看起来它们是完全独立的,所以下面应该可以正常工作:
import os
from torchvision.datasets.folder import default_loader
from torch.utils.data import Dataset, DataLoader
from torchvision import transforms
class MonetPhotoDataset(Dataset):
def __init__(self, root, transform=None):
self.transform = transform
self.img_paths = sorted(os.path.join(root, x) for x in os.listdir(root) if x.endswith('.jpg'))
def __len__(self):
return len(self.img_paths)
def __getitem__(self, idx):
img_path = self.img_paths[idx]
sample = default_loader(img_path)
if self.transform is not None:
sample = self.transform(sample)
return sample
def load_data(dataroot, image_size, batch_size, workers, ngpu, shuffle=True):
# set up transform
transform = transforms.Compose([
transforms.Resize(image_size),
transforms.CenterCrop(image_size),
transforms.ToTensor(),
transforms.Normalize((0.5, 0.5, 0.5), (0.5, 0.5, 0.5)),
])
# create datasets
monet_ds = MonetPhotoDataset(root=os.path.join(dataroot, 'monet_jpg'), transform=transform)
photo_ds = MonetPhotoDataset(root=os.path.join(dataroot, 'photo_jpg'), transform=transform)
# create dataloaders
monet_dl = DataLoader(monet_ds, batch_size=batch_size, num_workers=workers)
photo_dl = DataLoader(photo_ds, batch_size=batch_size, num_workers=workers)
# decide which device we want to run on
device = torch.device("cuda:0" if (torch.cuda.is_available()) else "cpu")
print("Data loaded...")
return monet_dl, photo_dl, device
root = "../input/gan-getting-started"
monet_dl, photo_dl, device = load_data(root, image_size, batch_size, workers, ngpu)
P.S.: 我保留了 load_data
是因为我假设您在代码中依赖它的签名,但我不会以其他方式使用它。
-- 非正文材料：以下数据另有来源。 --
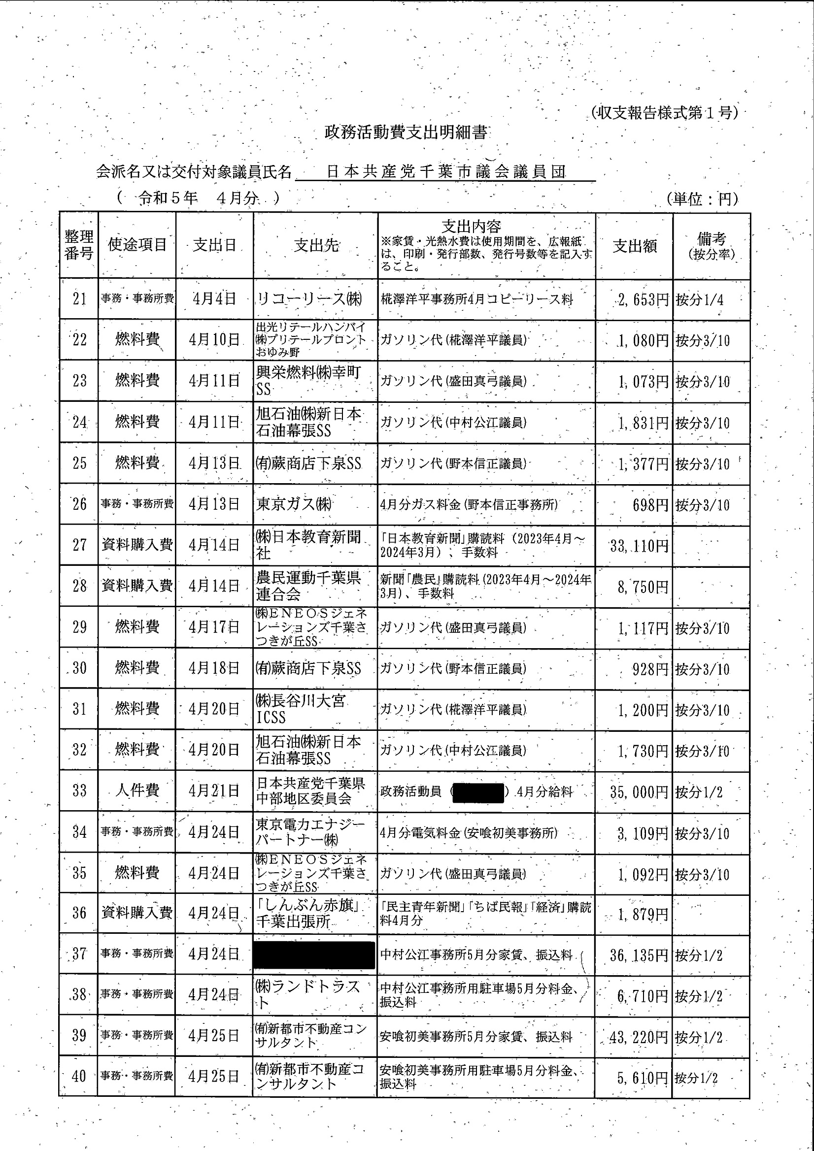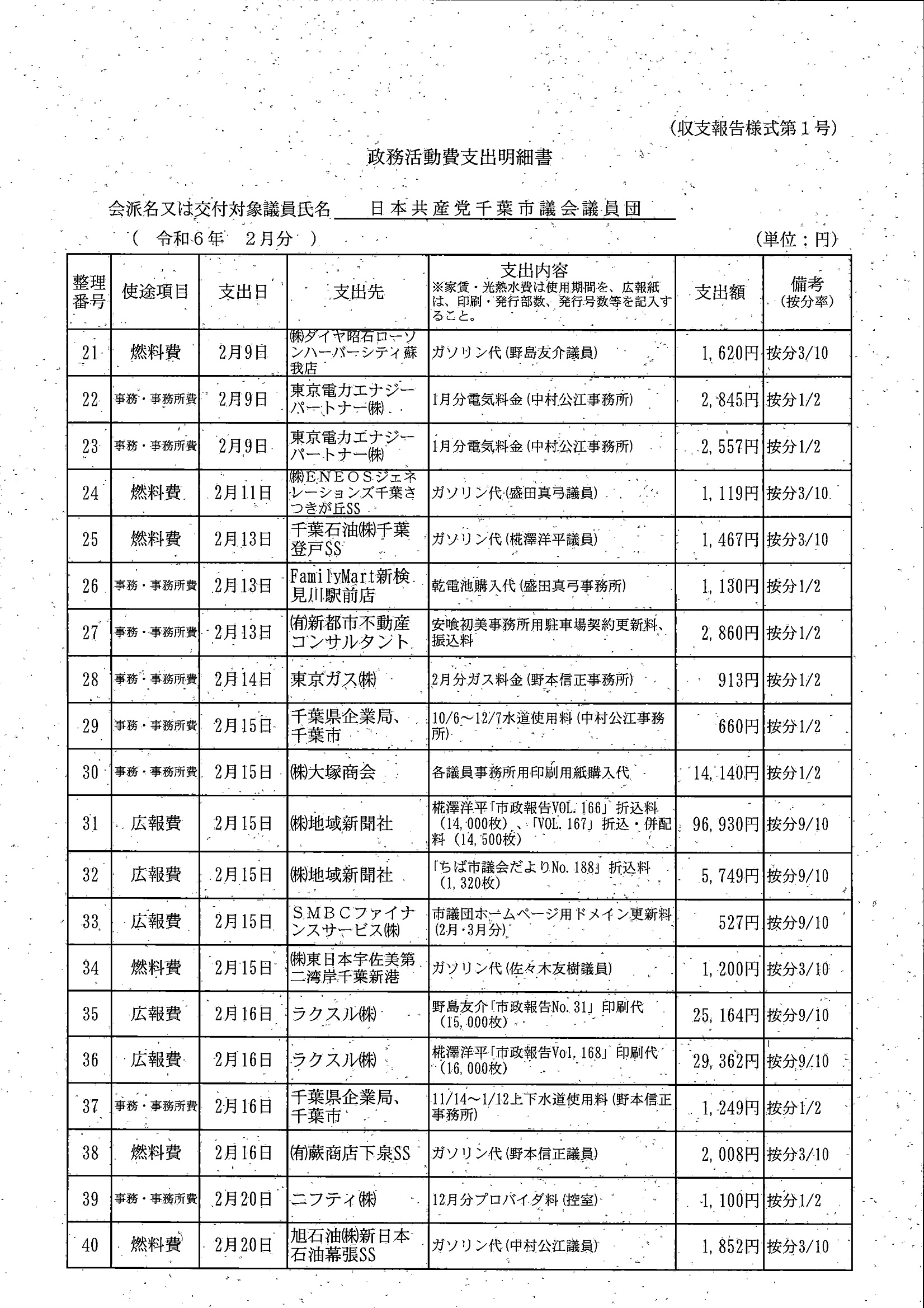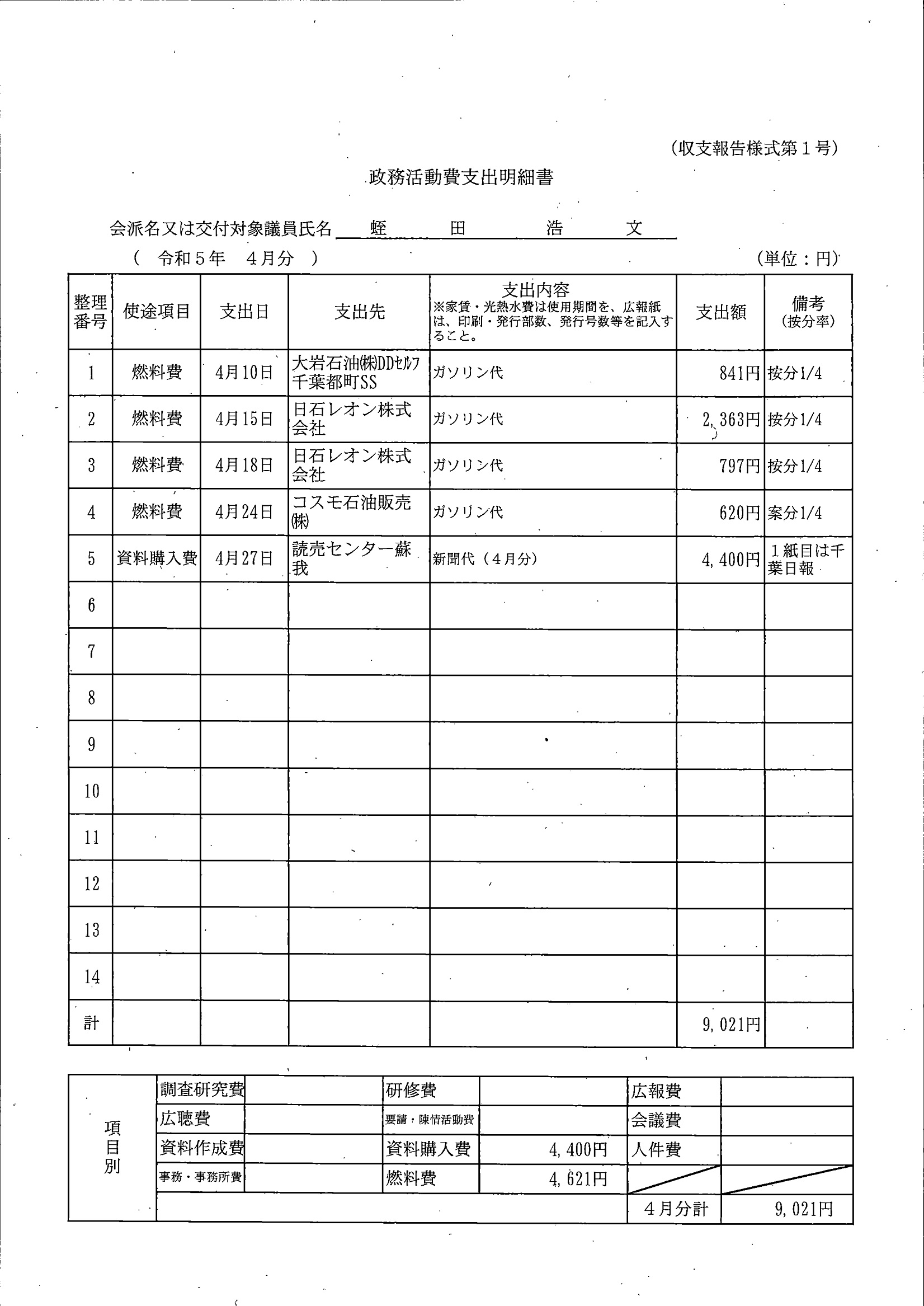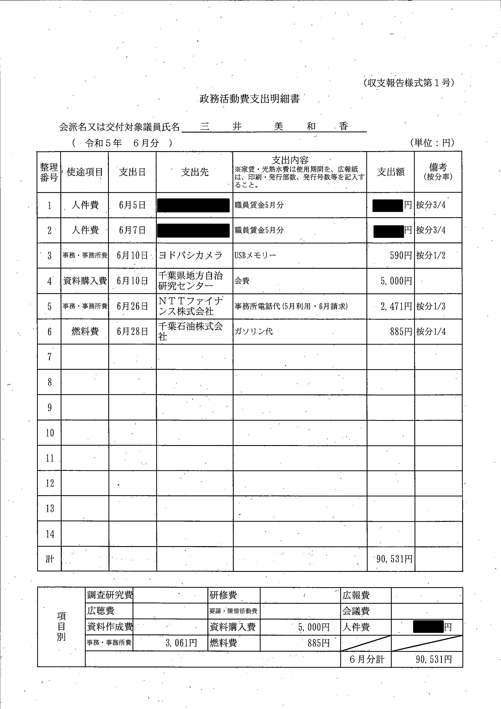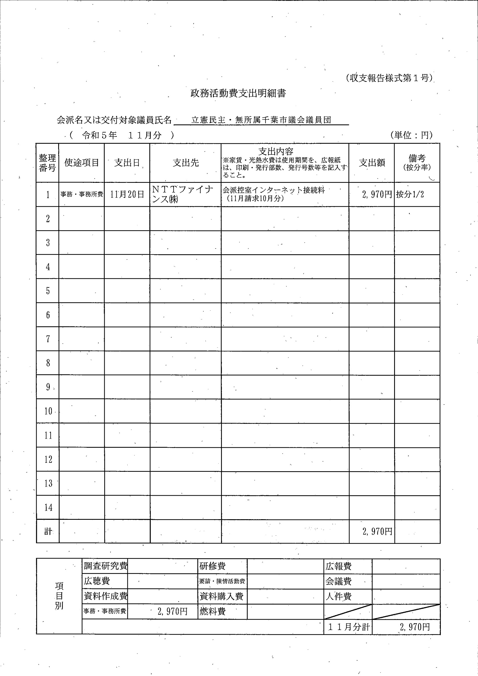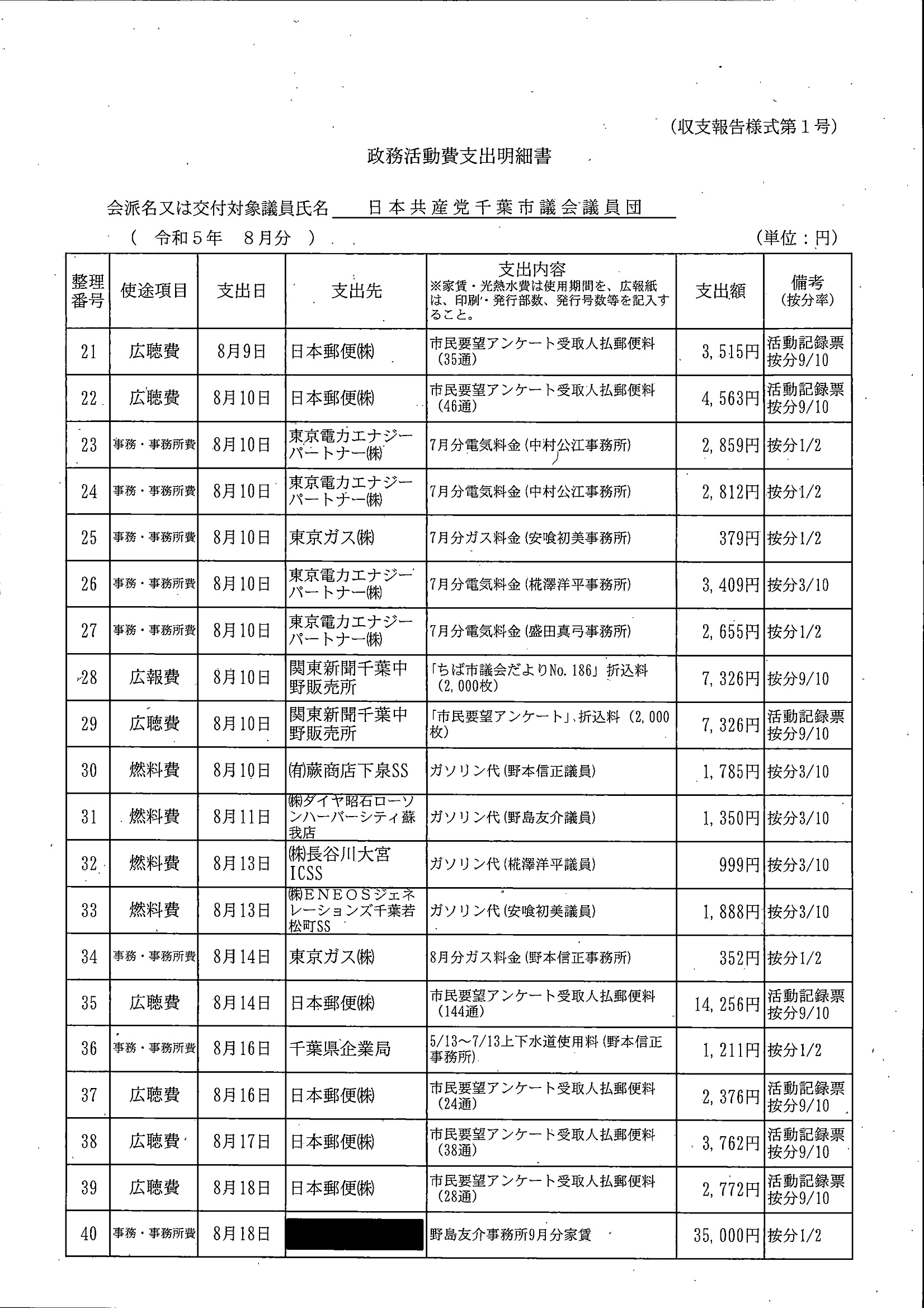千葉市議会トップページ > 広報・情報公開 > 政務活動費 > 令和5年度交付分(政務活動費収支報告書)

另外,我没有测试上面的代码,所以预计会有一些错字,但逻辑是正确的。
请注意,此数据集 returns 只有图像。
所以,我正在尝试在 pytorch 中加载 this dataset,我在加载它时遇到了问题。
你可以看出我检查数据集时目录看起来像这样:
root
monet_jpg
monet_tfrec
photo_jpg
photo_tfrec
所以,我想在单独的数据加载器变量中加载照片和莫奈图像。但是这个方法好像不行
编辑:我的意思是 monet_ds 和 photo_ds return 只有莫奈图像(而 photo_ds 应该 return 来自 photo_jpg)
我正在尝试通过此代码加载数据:
import torchvision.datasets as dset
import torchvision.utils as vutils
from torch.utils.data import Subset
def load_data(dataroot , image_size, batch_size, workers,ngpu,shuffle=True):
#DataLoading
# Create the dataset
dataset = dset.ImageFolder(root=dataroot,
transform=transforms.Compose([
transforms.Resize(image_size),
transforms.CenterCrop(image_size),
transforms.ToTensor(),
transforms.Normalize((0.5, 0.5, 0.5), (0.5, 0.5, 0.5)),
]))
print(dataset.class_to_idx)
#print(dataset.imgs)
monet_ds = Subset(dataset, range(0,299))
photo_ds = Subset(dataset, range(300,))
# Create the dataloader
monet_ds = torch.utils.data.DataLoader(monet_ds, batch_size=batch_size,
num_workers=workers)
photo_ds = torch.utils.data.DataLoader(photo_ds, batch_size=batch_size,
num_workers=workers)
# Decide which device we want to run on
device = torch.device("cuda:0" if (torch.cuda.is_available()) else "cpu")
print("Data loaded...")
root = "../input/gan-getting-started"
monet_ds, photo_ds, device = load_data(root, image_size, batch_size, workers, ngpu)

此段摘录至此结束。